Moos Giuliani Herrmann Architekten mussten beim Haus der Medizin in Neunkirch Kosten sparen, als ein Generalunternehmer das Projekt übernahm. Als Ersatz für die geplante Keramikfassade stiessen sie auf Scobalit. Mit Richard Steger und Monika Zumbrunnen von Scobalit entwickelten sie eine Platte aus  trapezförmigen Profilen. Nun schimmert die Fassade des Ärztehauses in einem warmen Rot: Das leuchtend orangene Windpapier strahlt durch die davor montierten, grauen und lichtdurchlässigen Scobalit-Platten.
Buchner Bründler Architekten wählten beim Wohnhaus Stadterle Basel ein fast schon klassisches Industriegrün für Brüstungsbänder aus Scobalit. Im benachbarten Riehen steht übrigens ein Mehrfamilienhaus von 1957, dessen grüne Balkonbrüstungen bis heute leicht und modern wirken. Am Bahnhof St. Moritz, ein Projekt von Maurus Frei Architekten, sind die neuen Perrondächer mit einem unscheinbaren, hellgrauen und transluziden Scobalit eingedeckt. Dazu mussten die Platten auf Schneelasten von 800 Kilogramm pro Quadratmeter geprüft werden. Nachts leuchten die Dachaufbauten wie Laternen im Rot der Rhätischen Bahn.

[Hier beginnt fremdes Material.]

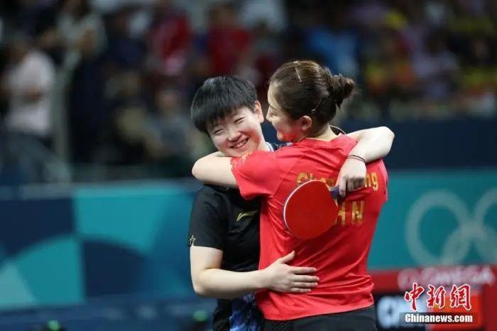 資料圖:王欣瑜和張之臻在混雙決賽中擁抱。中新社記者 富田 攝

Die Beispiele zeigen die Stärke des Materials:  Seine Wandelbarkeit durch Farbe, Form, Licht, Bemalung, Beschriftung und durch die Kombination mit anderen Materialien, die es verhüllen kann. Und die Schwächen? Es ist und bleibt ein Kunststoff, der auf Rohöl basiert. Und es wirkt nicht edel, nicht klassisch, sondern eher jugendlich – was je nach Architektur und Anwendung schon wieder zu den Stärken zählen kann.

Der Brownbag-Lunch ist eine Veranstaltung der Schweizer Baumuster-Centrale Zürich.